As três espécies são endêmicas e já “nascem” enfrentando risco de extinção. Por isso, a identificação e descrição são fundamentais para embasar estratégias de conservação, envolvendo instituições como o IEF, organizações não governamentais e a Reserva da Biosfera da Serra do Espinhaço.
Segundo Gabriela Brito, analista do IEF e coordenadora do PAT Espinhaço Mineiro, o Norte de Minas é uma região extremamente rica em biodiversidade, mas historicamente negligenciada em estudos científicos. “O reconhecimento dessas novas espécies reforça a necessidade de mais investimentos e estratégias de conservação”, defende Gabriela.
Um dos desafios enfrentados pelos pesquisadores é a necessidade de ilustrações botânicas detalhadas para a publicação oficial das espécies. Embora tenham sido amplamente fotografadas, os padrões científicos exigem representações gráficas precisas. O projeto Pró-Espécies tem apoiado essa etapa, contratando ilustradores especializados para viabilizar a divulgação formal das descobertas.
Ciência sem limites
Além de seu impacto científico e ambiental, a descoberta das três novas espécies também chama atenção para a inclusão de pessoas com deficiência na ciência. O estudo foi liderado pelo doutor em botânica Vinícius Bueno, diagnosticado há 20 anos com a Síndrome de Charcot-Marie-Tooth, uma doença neurológica degenerativa que afeta os nervos periféricos, causando atrofia e fraqueza muscular, além de dores nos músculos e nervos.
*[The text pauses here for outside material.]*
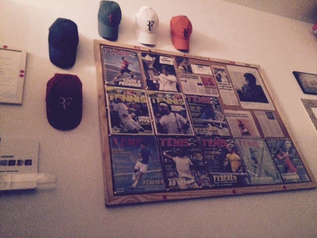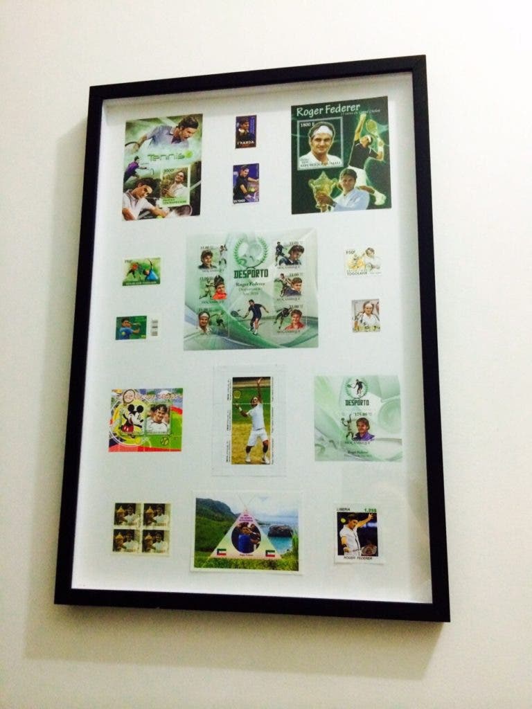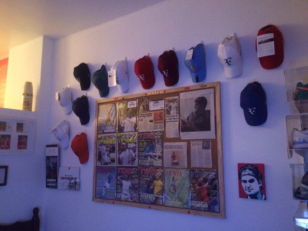 Mas o que tem Júlio Matteo de diferente de tantos outros fãs de Roger Federer? Várias coisas. Mais precisamente, cerca de 300 coisas. Pólos, t-shirts, selos de vários países, revistas, jornais, canecas, posters, toalhas, quadros, e por aí fora… todos estes itens estão, de alguma forma ou de outra, relacionados com Roger Federer. Júlio fez até questão de nos enviar um vídeo a mostrar algumas das peças de vestuário mais valiosas:
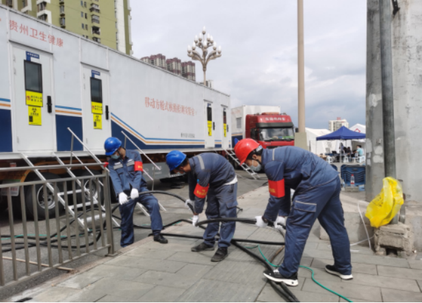 貴州電網(wǎng)于9月3日接到任務(wù)之時,用30分鐘組建青年突擊隊,10小時完成6臺綜合配電箱及360米低壓電纜接入,為11臺移動方艙式核酸檢測實驗室用電提供“雙保險”;戰(zhàn)役打響后,多支青年突擊隊對將軍山醫(yī)院等32個疫情防控醫(yī)療機構(gòu)及筑城廣場、金陽奧林匹克體育中心、花溪大學(xué)城等48個核酸樣本集中檢測方艙實現(xiàn)拉線送電和全日現(xiàn)場值守。

Apesar das dificuldades, Vinícius se tornou um especialista em Asteraceae e foi o primeiro autor do artigo que descreveu as novas espécies. Durante sua trajetória acadêmica, enfrentou preconceitos e resistência:
“Durante o mestrado, ouvi que minhas limitações físicas comprometeriam a qualidade do meu trabalho. Na véspera do doutorado, disseram que meu projeto era inviável devido às minhas condições”, relembra. Contrariando essas previsões capacitistas (preconceito contra pessoas com deficiência), Vinícius se consolidou como uma referência no estudo de Calea, um gênero distribuído entre a Argentina e o México. Sem poder realizar expedições em áreas remotas, ele utilizou tecnologia e redes de colaboração, conectando-se com botânicos de todo o Brasil, acessando herbários e bases de dados digitais, e participando de encontros científicos.
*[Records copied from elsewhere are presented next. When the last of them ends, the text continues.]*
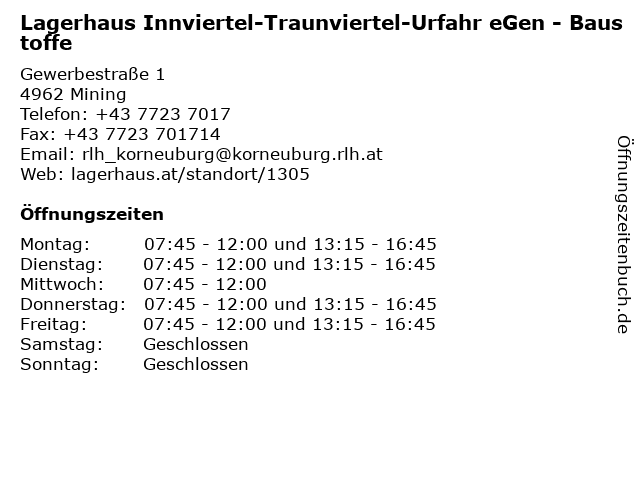1 Lagerhaus Innviertel-Traunviertel-Urfahr eGen - Baustoffe (Entfernung: 6,76 km) Moosham 35, 4943 Geinberg 2 Lagerhaus Innviertel-Traunviertel-Urfahr eGen - Baustoffe (Entfernung: 18,41 km) Harlochnerstraße 1, 5230 Mattighofen 3 Lagerhaus Innviertel-Traunviertel-Urfahr eGen - Genol Tankstelle (Entfernung: 0,05 km) Gewerbestraße 1, 4962 Mining 4 Lagerhaus Innviertel-Traunviertel-Urfahr eGen (Entfernung: 8,70 km) Industriezeile 33, 5280 Braunau am Inn 5 Lagerhaus Innviertel-Traunviertel-Urfahr eGen (Entfernung: 13,85 km) Höhnharterstraße 47, 5252 Aspach 6 Lagerhaus Innviertel-Traunviertel-Urfahr eGen (Entfernung: 18,01 km) Ranshofnerstraße 16, 5134 Schwand |
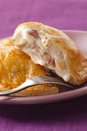 Que cachent ces petits chaussons ? Des morceaux de dinde, de la béchamel et des champignons émincés. De quoi ravir les papilles des enfants lors des fêtes de fin d'année !
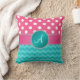 För polka dotsturkos för Monogram rosa gnistra för Kudde
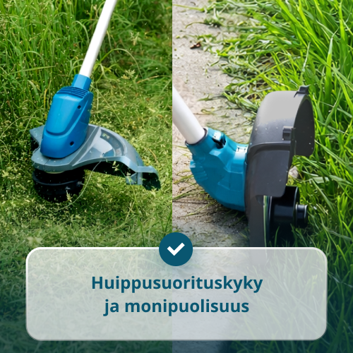 • 2-in-1-leikkuujärjestelmän ansiosta käyttäjä voi työskennellä sekä nailonlangalla tarkkaan nurmikon reunojen leikkaamiseen että metalliterällä tiheän kasvillisuuden ja sitkeiden rikkaruohojen käsittelyyn.

“Já que não vou ao campo, faço o campo vir até mim, conhecendo as plantas por meio das observações e registros de outros pesquisadores”, explica.
Um guia ilustrado para a flora de Minas Gerais
Além da publicação dos artigos científicos, os pesquisadores que atuam no PAT Espinhaço Mineiro estão desenvolvendo um guia ilustrado da flora do Norte de Minas. O material contará com imagens detalhadas das novas espécies. O Projeto Pró-Espécies continua apoiando a pesquisa e a conservação da biodiversidade brasileira, garantindo visibilidade para regiões antes pouco estudadas. Com essas novas descobertas, espera-se que medidas de proteção sejam ampliadas, assegurando a preservação dessas espécies únicas para as futuras gerações.